*EXERCISE BRIEF*:
With both ends included, repeat exactly the lines of the entries below from the one containing "Figure 1. Acemannan" down to the one containing "A mature, self-sustaining", and no others.

====

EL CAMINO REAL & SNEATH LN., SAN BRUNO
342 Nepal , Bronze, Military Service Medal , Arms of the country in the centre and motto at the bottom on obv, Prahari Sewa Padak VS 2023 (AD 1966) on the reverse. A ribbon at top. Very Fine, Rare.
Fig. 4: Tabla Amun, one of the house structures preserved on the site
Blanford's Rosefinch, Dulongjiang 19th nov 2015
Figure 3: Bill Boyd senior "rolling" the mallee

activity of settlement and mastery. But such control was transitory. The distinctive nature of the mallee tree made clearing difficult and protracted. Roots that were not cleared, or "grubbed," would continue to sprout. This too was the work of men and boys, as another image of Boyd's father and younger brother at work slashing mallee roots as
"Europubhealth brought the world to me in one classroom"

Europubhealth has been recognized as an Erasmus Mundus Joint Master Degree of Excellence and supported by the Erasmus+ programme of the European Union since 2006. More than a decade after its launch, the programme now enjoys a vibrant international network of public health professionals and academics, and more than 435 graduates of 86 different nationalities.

====

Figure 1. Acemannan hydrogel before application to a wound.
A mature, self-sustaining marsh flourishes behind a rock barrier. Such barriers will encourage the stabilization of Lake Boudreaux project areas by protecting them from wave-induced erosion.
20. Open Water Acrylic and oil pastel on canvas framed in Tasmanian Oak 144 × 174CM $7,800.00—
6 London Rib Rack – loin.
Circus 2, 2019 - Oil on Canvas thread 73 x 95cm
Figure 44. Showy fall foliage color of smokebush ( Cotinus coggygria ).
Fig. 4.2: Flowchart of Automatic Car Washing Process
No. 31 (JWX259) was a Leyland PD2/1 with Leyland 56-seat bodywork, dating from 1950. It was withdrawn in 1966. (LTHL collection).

====

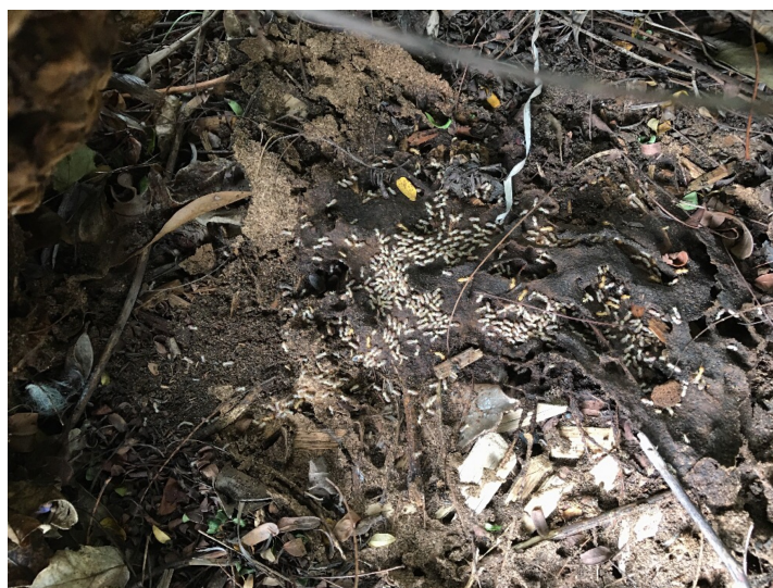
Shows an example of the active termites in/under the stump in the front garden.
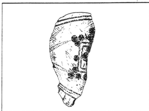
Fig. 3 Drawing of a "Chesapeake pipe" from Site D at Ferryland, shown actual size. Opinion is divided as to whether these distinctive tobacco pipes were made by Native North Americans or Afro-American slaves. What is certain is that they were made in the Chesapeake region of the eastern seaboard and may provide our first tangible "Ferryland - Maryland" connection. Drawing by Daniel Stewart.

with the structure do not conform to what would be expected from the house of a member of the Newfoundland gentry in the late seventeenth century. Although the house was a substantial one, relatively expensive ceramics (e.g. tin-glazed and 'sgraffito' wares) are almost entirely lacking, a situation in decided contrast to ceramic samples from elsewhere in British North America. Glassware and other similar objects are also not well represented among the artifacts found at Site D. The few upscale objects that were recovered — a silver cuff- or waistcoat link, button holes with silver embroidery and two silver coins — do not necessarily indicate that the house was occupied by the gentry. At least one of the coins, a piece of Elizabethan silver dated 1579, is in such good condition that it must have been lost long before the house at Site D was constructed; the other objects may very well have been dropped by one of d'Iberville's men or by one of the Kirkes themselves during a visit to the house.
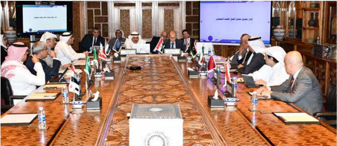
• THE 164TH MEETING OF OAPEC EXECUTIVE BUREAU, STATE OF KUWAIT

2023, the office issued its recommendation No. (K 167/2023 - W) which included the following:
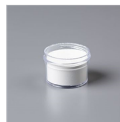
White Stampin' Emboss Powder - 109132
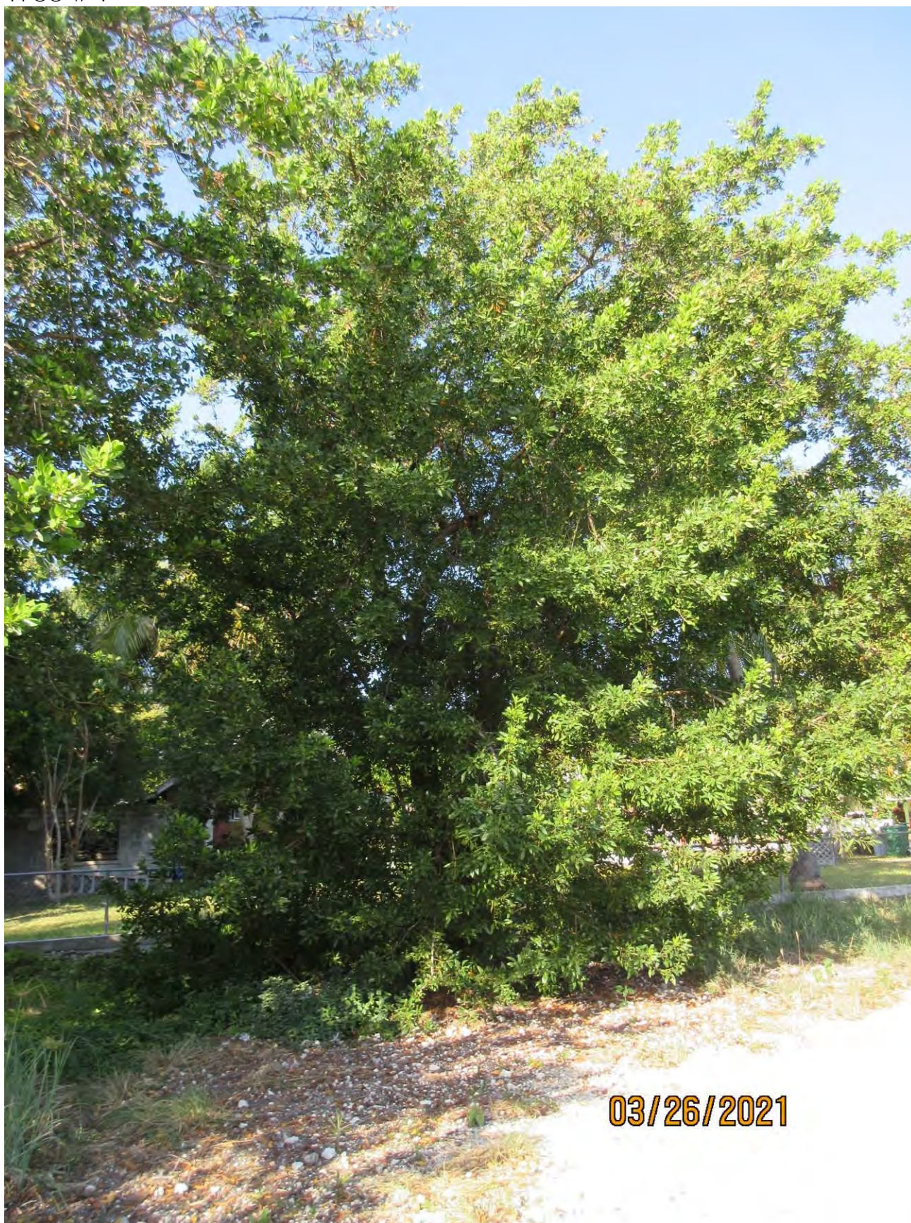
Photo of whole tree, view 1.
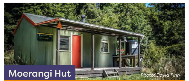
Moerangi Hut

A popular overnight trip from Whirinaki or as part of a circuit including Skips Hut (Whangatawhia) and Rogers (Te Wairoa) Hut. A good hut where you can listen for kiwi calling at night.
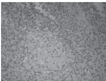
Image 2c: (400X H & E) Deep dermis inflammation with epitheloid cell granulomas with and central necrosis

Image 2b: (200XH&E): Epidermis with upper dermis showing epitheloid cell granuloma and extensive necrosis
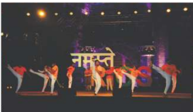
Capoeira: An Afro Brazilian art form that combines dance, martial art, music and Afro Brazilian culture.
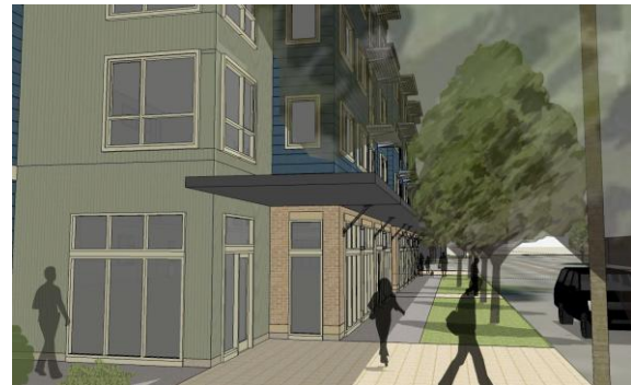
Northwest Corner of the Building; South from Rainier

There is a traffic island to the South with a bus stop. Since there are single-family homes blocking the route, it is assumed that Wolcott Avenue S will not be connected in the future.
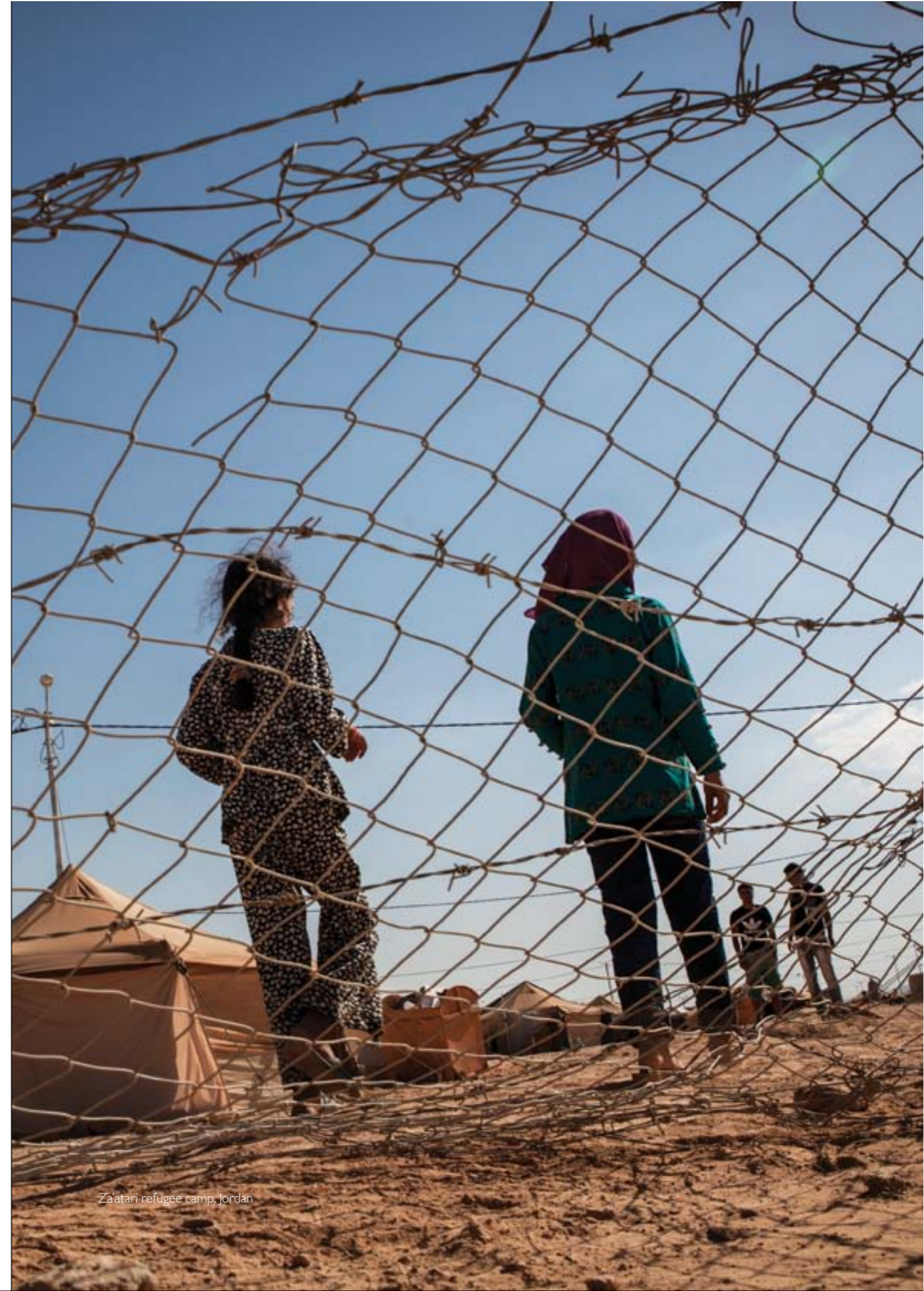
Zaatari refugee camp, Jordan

====

*ANSWER SPACE*:
Figure 1. Acemannan hydrogel before application to a wound.
A mature, self-sustaining marsh flourishes behind a rock barrier. Such barriers will encourage the stabilization of Lake Boudreaux project areas by protecting them from wave-induced erosion.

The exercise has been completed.